Convert between tokens and words for GPT-4o, Claude, Gemini and every major model. Free, instant, works in your browser.

1,333 tokens

≈ 1.04% of GPT-4o / 4o-mini's 128,000-token context window

5,100

characters

4.0

pages (single-spaced)

Based on OpenAI and Anthropic-published averages. Actual ratio varies with content type (code, non-English, and numeric text are more token-dense than prose).

Quick Answer

For English prose, 1 token ≈ 0.75 words, which means 1 word ≈ 1.33 tokens. So 1,000 words is roughly 1,333 tokens, and 128,000 tokens of context fits about 96,000 words (around 200 single-spaced pages). Ratios shift for code, non-English text and numeric content, which all use more tokens per word.

What is a token, actually

When you paste text into ChatGPT or Claude or Gemini, the model doesn't see words. It sees tokens. A token is a chunk of text the model's tokenizer splits your input into before the neural network gets anywhere near it. Sometimes a token is a whole word. Sometimes it's a subword ("token" might be one token, but "tokenization" splits into "token" + "ization"). Sometimes it's a single character (most punctuation) or a single byte (for rare characters).

OpenAI's tokenizer for GPT-4o is called o200k_base. Anthropic uses its own tokenizer. Google's Gemini uses SentencePiece. They all produce slightly different token counts for the same input — same text, different numbers. That's why our converter lets you pick a model.

The practical consequence: when you hear "Claude has a 200k context window," that's 200,000 tokens, not 200,000 words. Closer to 150,000 English words. Still a lot, but less than the marketing implies when you do the conversion.

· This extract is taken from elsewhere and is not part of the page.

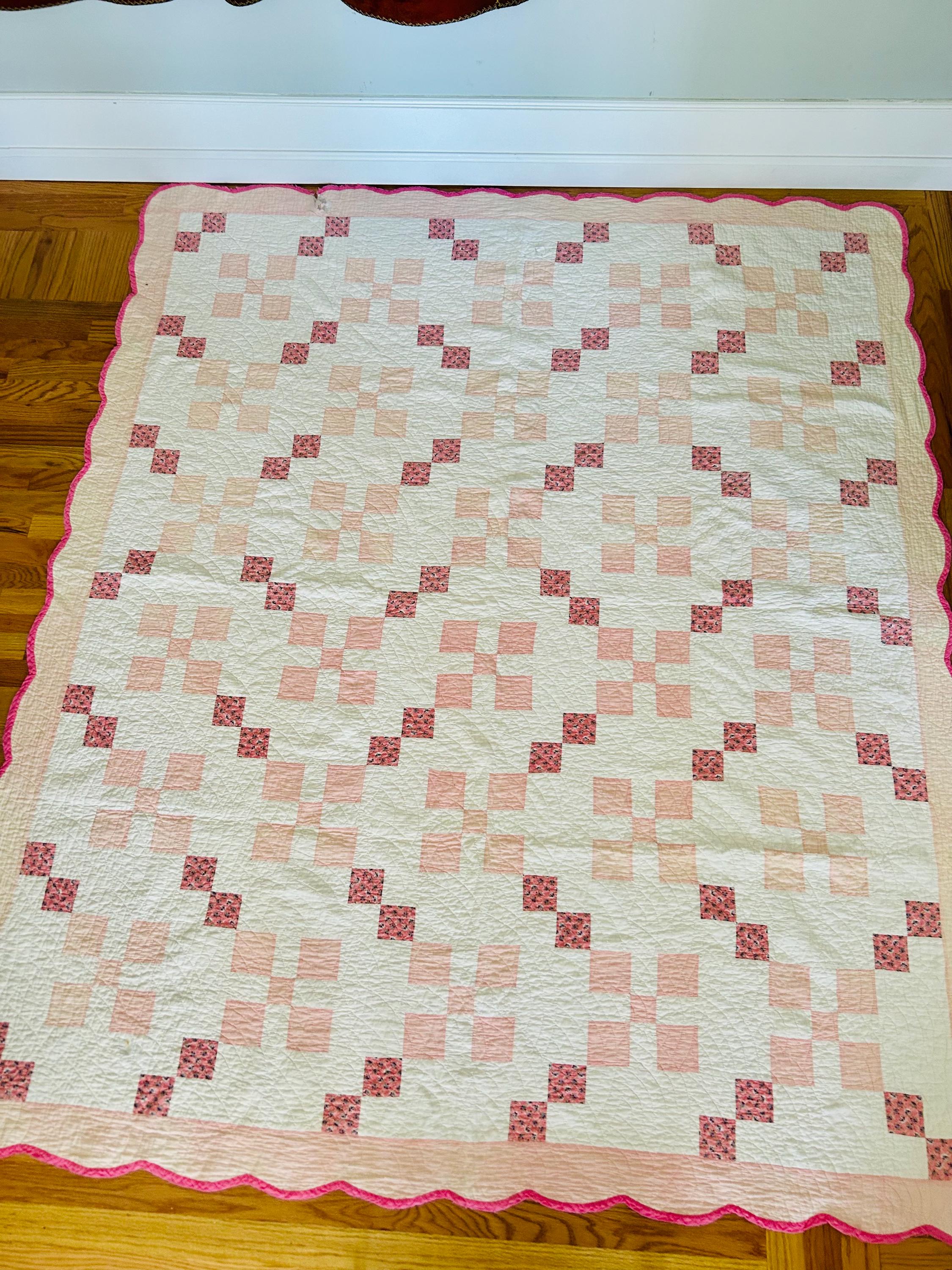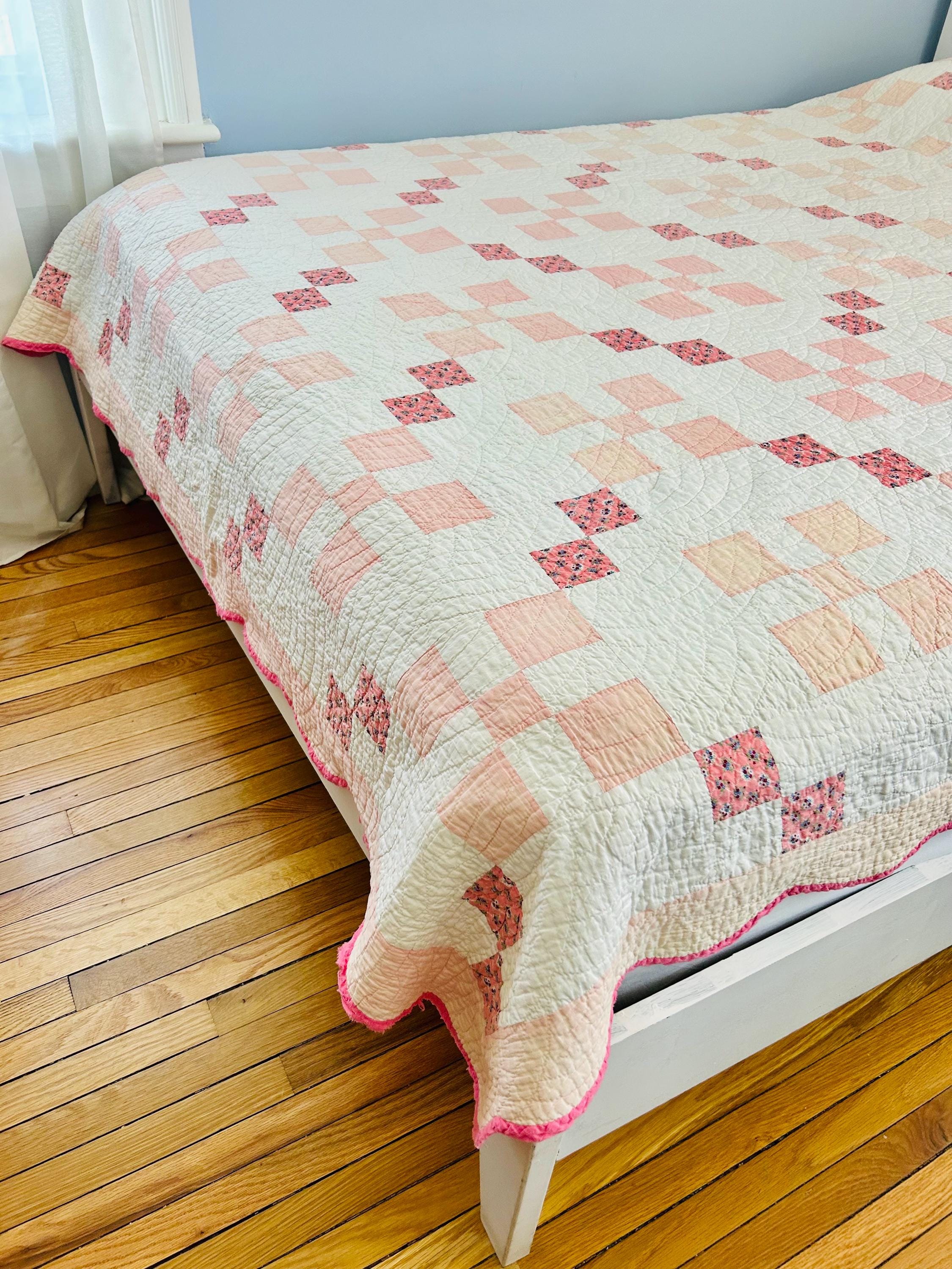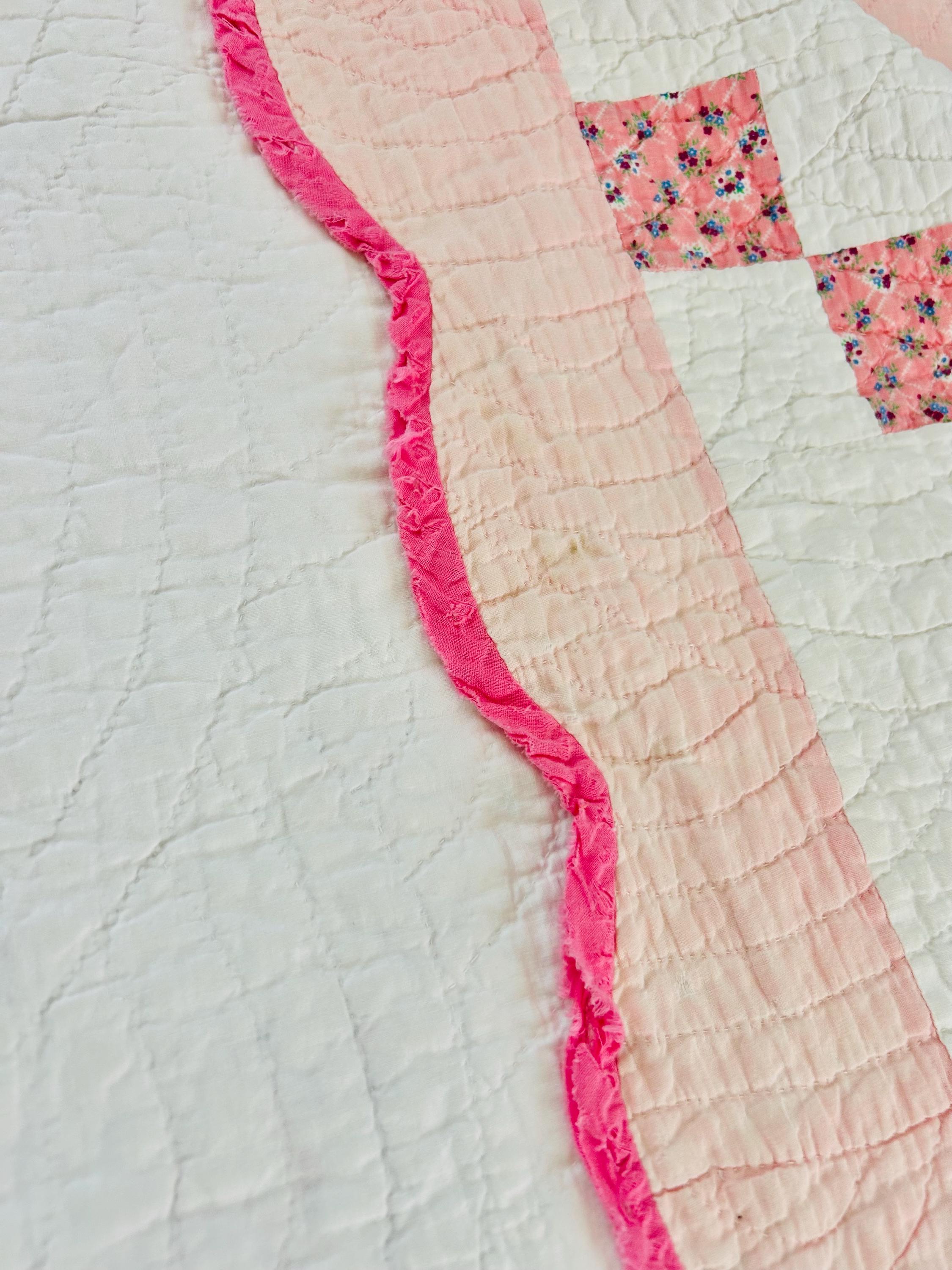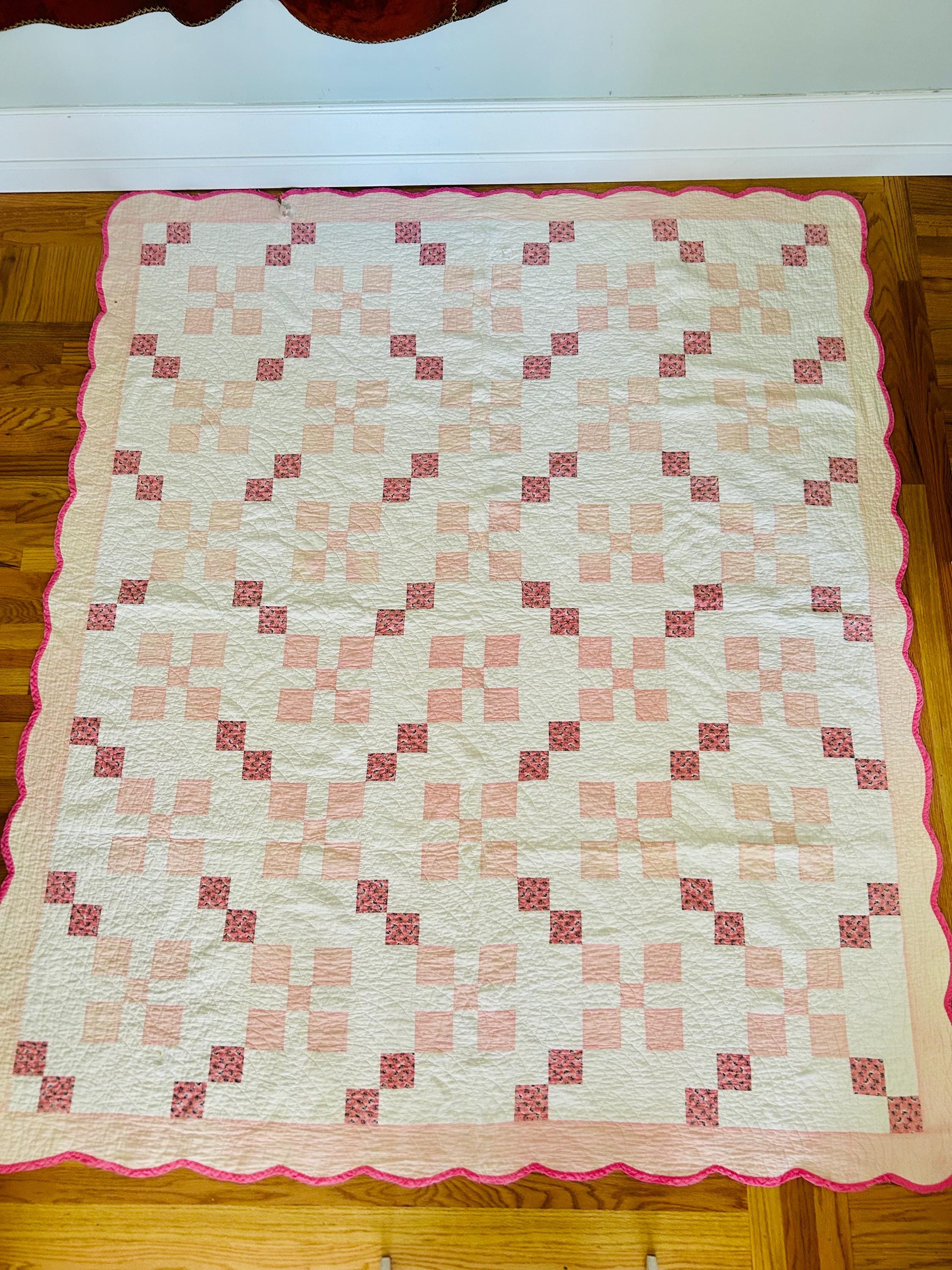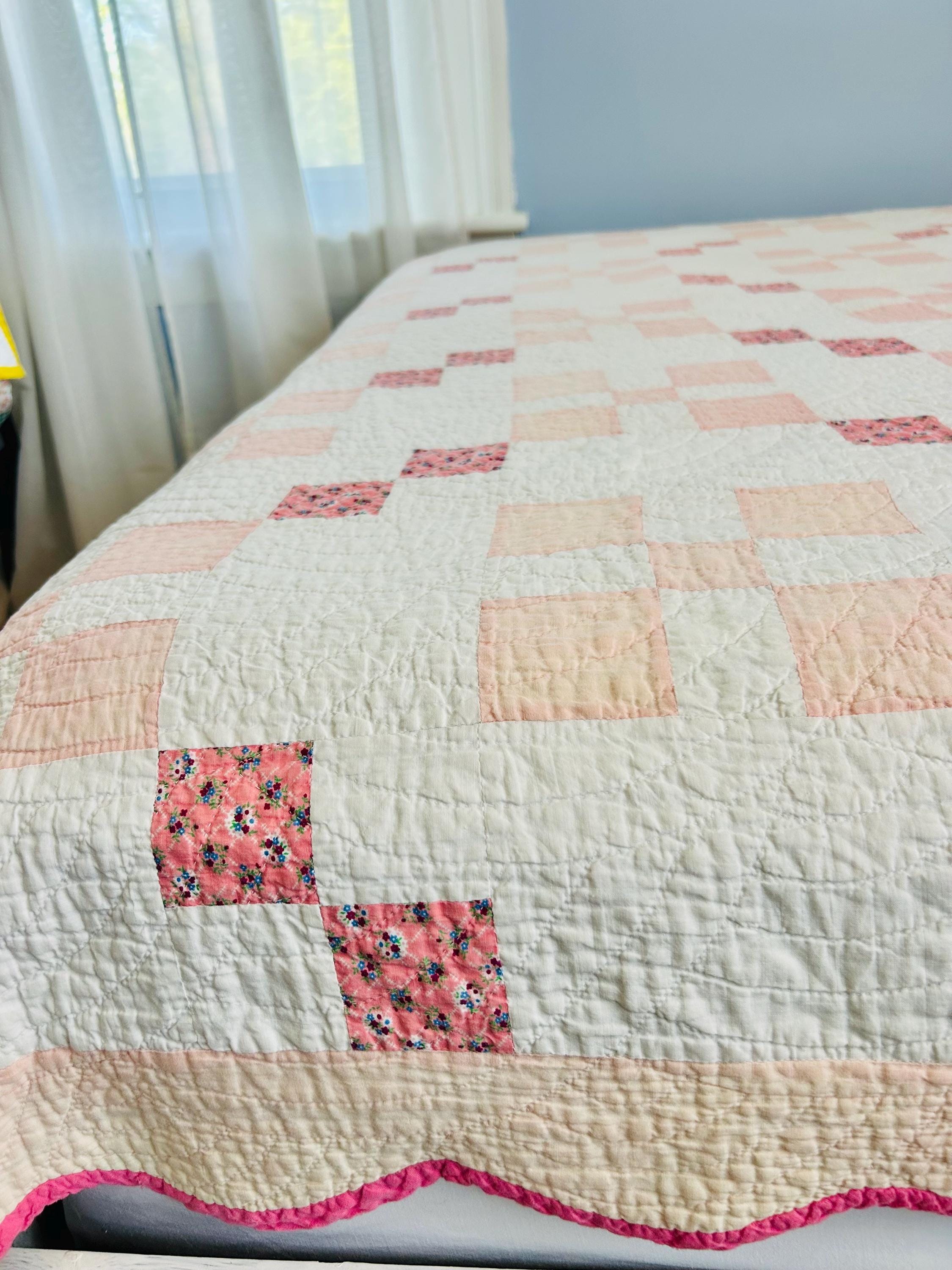 Details: * Pattern: Double Nine Patch * Era: 1930s (Depression era) * Size: 70 1/2” x 83 1/2” * Materials: Cotton fabrics and lightweight cotton batting * Construction: Hand pieced and hand quilted * Quilting: Overall hand quilting in shell arcs * Colors: Soft pinks, coral florals, and white * Edge: Scalloped border with bright pink binding
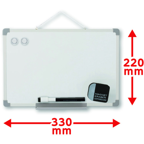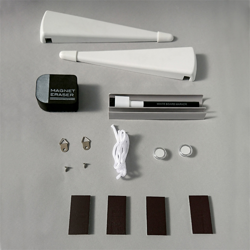 ●スタンド、ボードマーカー(黒)、イレーサー、トレー、吊り下げひも、フック金具、ネジ、マグネット2個、裏面用マグネット

Context windows in words (quick reference)

ModelContext (tokens)Approx. wordsEquivalent
GPT-4o128,000~96,000A short novel
GPT-4.11,000,000~750,000All of Harry Potter plus change
o3 / o4-mini200,000~150,000A PhD dissertation
Claude Opus 4.6200,000~150,000A PhD dissertation
Claude Sonnet 4.6200,000~150,000A PhD dissertation
Gemini 2.5 Pro2,000,000~1,500,000Two full Bibles
Gemini 2.5 Flash1,000,000~760,000War and Peace, twice
Llama 3.1 / 3.3128,000~93,000A short novel
Grok 3131,072~97,000A short novel

Why 1 token = 0.75 words

OpenAI's own documentation uses 0.75 as the rule of thumb. That number comes from tokenizing large corpora of English text and averaging. Short common words ("the," "and," "to," "is") tokenize as one token each. Longer words often split: "unbelievable" becomes three tokens in most tokenizers. Proper nouns and technical terms split the hardest.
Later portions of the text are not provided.